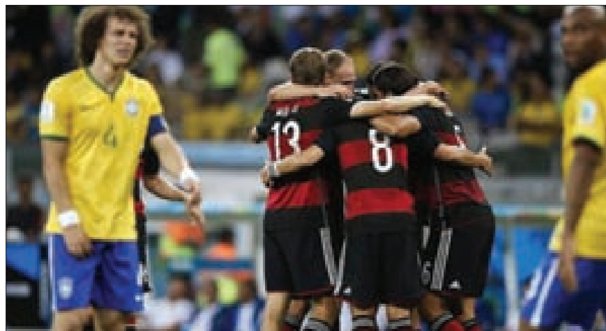
المانشافت يسحق بلاد الساميا بسباعية تاريخية في ليلة بكت فيها عيون البرازيليين
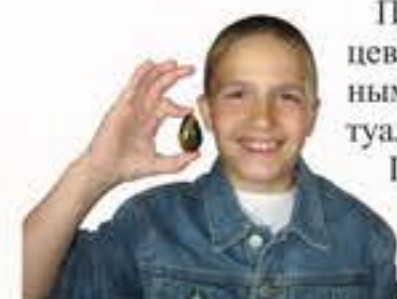
Красота своими руками

Лошади никого не оставили равнодушными. Особенности строения лошади, где у нее локоть и где колено, как за ними ухаживать – все это суворовцы смогли узнать в центре иппотерапии «Лучик». Здесь познакомились с деятельностью, направленной на оздоровление детей и сами смогли оказать посильную помощь.
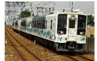
△634型 (スカイツリートレイン)
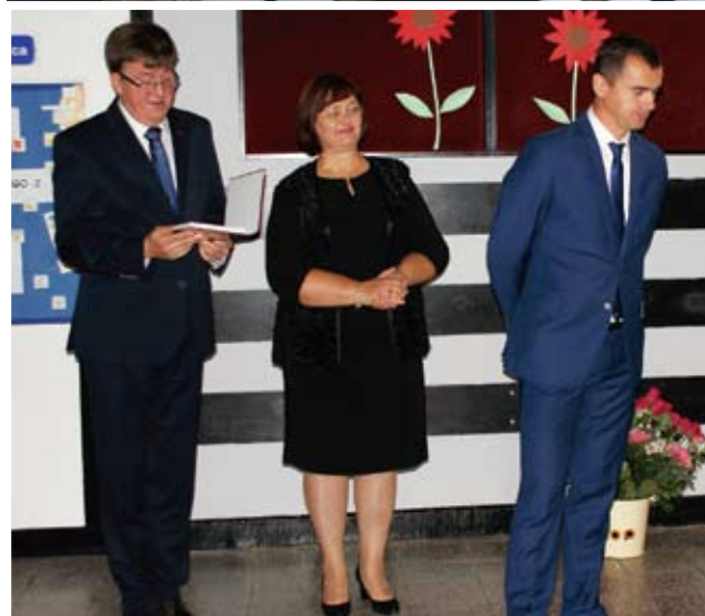
Apel w Gimnazjum w Malechowie.

Bycie nauczycielem to profesja trudna, odpowiedzialna i wymagająca, ale także piękna. Kształtowanie charakterów młodych ludzi i przekazywanie im wiedzy daje z pewnością ogromną satysfakcję.
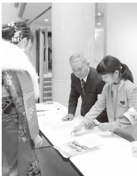
▲式典の受け付けをするボランティアの皆さん
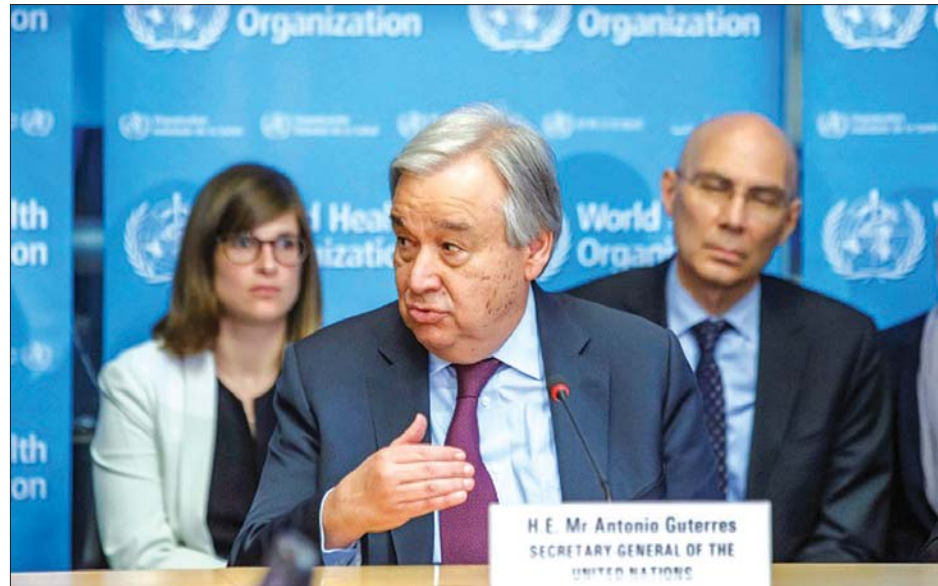
ကုလသမဂ္ဂအထွေထွေအတွင်းရေးမှူးချုပ် အန်တိုနီယိုဂူတာရက်စ်။

ဖြစ်စေသည့် အခြေအနေများဖြစ်ကြောင်း ကုလသမဂ္ဂအထွေထွေအတွင်းရေးမှူးချုပ် အန်တိုနီယိုဂူတာရက်စ်က ပြောကြားခဲ့သည်။ စိတ်ဖိစီးမှုနှင့် စိတ်ဓာတ်ကျဆင်းမှုများအပါအဝင် စိတ်ကျန်းမာရေးဆိုင်ရာ ပြဿနာများသည် ကျွန်ုပ်တို့ ကမ္ဘာတွင် ကြေကွဲဝမ်းနည်းမှုများ ကြီးစိုးလာစေသည့်အတွက် စိတ်ပိုင်းဆိုင်ရာထိခိုက်ခံစားရသူများကို အကူအညီပေးကာ ၎င်းတို့ဘက်မှ ရပ်တည်ပေးရမည်ဖြစ်ကြောင်း ၎င်းက ပြောကြားခဲ့သည်။ ဆင်ပွား
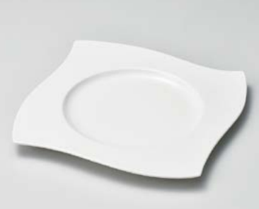
ミ180-107 NBエクシードセーヌ10吋平皿 24.8×24.8×2.5cm (12入・磁)(中国) 3,150円
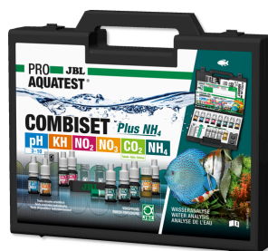
JBL PROAQUATEST COMBISET Plus NH4 Чемоданчик с важными тестами для воды + тест NH4
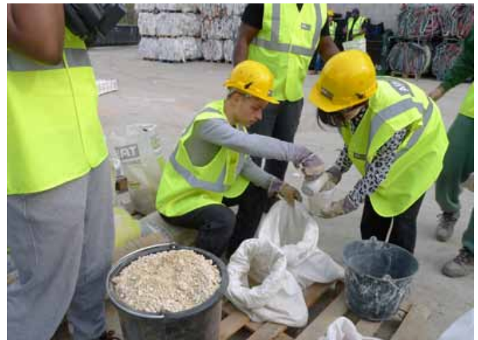
Prototype marbre d'ici / Cergy 2016 - 001
+ + +
* _About this exercise_: Could you retype the records above exactly, omitting the pictures?

* _Your response_:
المانشافت يسحق بلاد الساميا بسباعية تاريخية في ليلة بكت فيها عيون البرازيليين
Красота своими руками

Лошади никого не оставили равнодушными. Особенности строения лошади, где у нее локоть и где колено, как за ними ухаживать – все это суворовцы смогли узнать в центре иппотерапии «Лучик». Здесь познакомились с деятельностью, направленной на оздоровление детей и сами смогли оказать посильную помощь.
△634型 (スカイツリートレイン)
Apel w Gimnazjum w Malechowie.

Bycie nauczycielem to profesja trudna, odpowiedzialna i wymagająca, ale także piękna. Kształtowanie charakterów młodych ludzi i przekazywanie im wiedzy daje z pewnością ogromną satysfakcję.
▲式典の受け付けをするボランティアの皆さん
ကုလသမဂ္ဂအထွေထွေအတွင်းရေးမှူးချုပ် အန်တိုနီယိုဂူတာရက်စ်။

ဖြစ်စေသည့် အခြေအနေများဖြစ်ကြောင်း ကုလသမဂ္ဂအထွေထွေအတွင်းရေးမှူးချုပ် အန်တိုနီယိုဂူတာရက်စ်က ပြောကြားခဲ့သည်။ စိတ်ဖိစီးမှုနှင့် စိတ်ဓာတ်ကျဆင်းမှုများအပါအဝင် စိတ်ကျန်းမာရေးဆိုင်ရာ ပြဿနာများသည် ကျွန်ုပ်တို့ ကမ္ဘာတွင် ကြေကွဲဝမ်းနည်းမှုများ ကြီးစိုးလာစေသည့်အတွက် စိတ်ပိုင်းဆိုင်ရာထိခိုက်ခံစားရသူများကို အကူအညီပေးကာ ၎င်းတို့ဘက်မှ ရပ်တည်ပေးရမည်ဖြစ်ကြောင်း ၎င်းက ပြောကြားခဲ့သည်။ ဆင်ပွား
ミ180-107 NBエクシードセーヌ10吋平皿 24.8×24.8×2.5cm (12入・磁)(中国) 3,150円
JBL PROAQUATEST COMBISET Plus NH4 Чемоданчик с важными тестами для воды + тест NH4
Prototype marbre d'ici / Cergy 2016 - 001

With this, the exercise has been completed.